Everything from the line with "драйвера электронного ключа." to the line with "Εναέρια άποψη του" in the listing below, both lines included, needs to be copied exactly, apart from the pictures.

GIVEN DATA =

*** Begin section ***

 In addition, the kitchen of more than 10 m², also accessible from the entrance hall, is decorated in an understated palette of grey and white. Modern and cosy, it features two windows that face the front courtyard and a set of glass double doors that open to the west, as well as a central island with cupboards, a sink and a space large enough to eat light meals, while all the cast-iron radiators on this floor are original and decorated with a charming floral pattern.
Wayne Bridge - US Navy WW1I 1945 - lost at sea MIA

*** End section ***
*** Begin section ***

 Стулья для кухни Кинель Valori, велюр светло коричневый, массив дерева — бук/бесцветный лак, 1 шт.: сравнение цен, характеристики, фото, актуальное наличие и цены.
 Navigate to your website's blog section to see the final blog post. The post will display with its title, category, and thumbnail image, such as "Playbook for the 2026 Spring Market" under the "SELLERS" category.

*** End section ***
*** Begin section ***

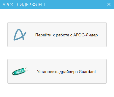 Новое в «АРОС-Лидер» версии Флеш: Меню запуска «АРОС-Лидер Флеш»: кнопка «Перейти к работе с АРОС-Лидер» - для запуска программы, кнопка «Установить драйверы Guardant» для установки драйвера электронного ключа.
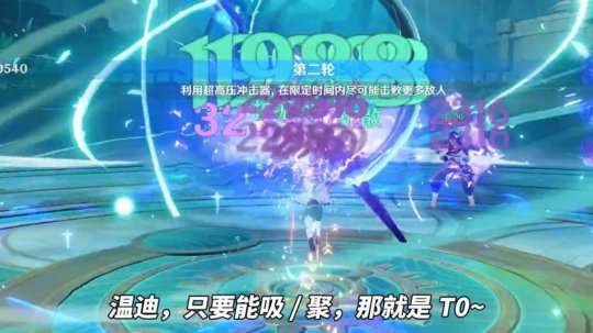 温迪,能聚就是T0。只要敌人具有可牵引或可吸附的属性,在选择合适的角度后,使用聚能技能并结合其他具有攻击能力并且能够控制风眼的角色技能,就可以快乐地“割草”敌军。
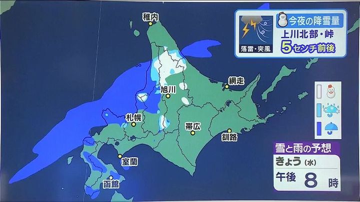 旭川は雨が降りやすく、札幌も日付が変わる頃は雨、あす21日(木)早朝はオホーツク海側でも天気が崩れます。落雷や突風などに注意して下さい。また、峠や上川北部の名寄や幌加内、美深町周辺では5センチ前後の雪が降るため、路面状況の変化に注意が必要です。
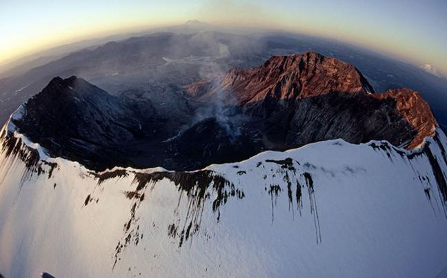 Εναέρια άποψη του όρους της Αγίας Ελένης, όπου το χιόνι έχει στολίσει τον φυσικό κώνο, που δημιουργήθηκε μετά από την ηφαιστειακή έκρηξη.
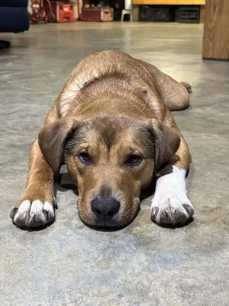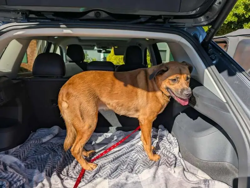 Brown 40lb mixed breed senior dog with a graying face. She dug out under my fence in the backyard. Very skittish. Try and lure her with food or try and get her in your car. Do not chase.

*** End section ***

PROBLEM SOLUTION =
 Новое в «АРОС-Лидер» версии Флеш: Меню запуска «АРОС-Лидер Флеш»: кнопка «Перейти к работе с АРОС-Лидер» - для запуска программы, кнопка «Установить драйверы Guardant» для установки драйвера электронного ключа.
 温迪,能聚就是T0。只要敌人具有可牵引或可吸附的属性,在选择合适的角度后,使用聚能技能并结合其他具有攻击能力并且能够控制风眼的角色技能,就可以快乐地“割草”敌军。
 旭川は雨が降りやすく、札幌も日付が変わる頃は雨、あす21日(木)早朝はオホーツク海側でも天気が崩れます。落雷や突風などに注意して下さい。また、峠や上川北部の名寄や幌加内、美深町周辺では5センチ前後の雪が降るため、路面状況の変化に注意が必要です。
 Εναέρια άποψη του όρους της Αγίας Ελένης, όπου το χιόνι έχει στολίσει τον φυσικό κώνο, που δημιουργήθηκε μετά από την ηφαιστειακή έκρηξη.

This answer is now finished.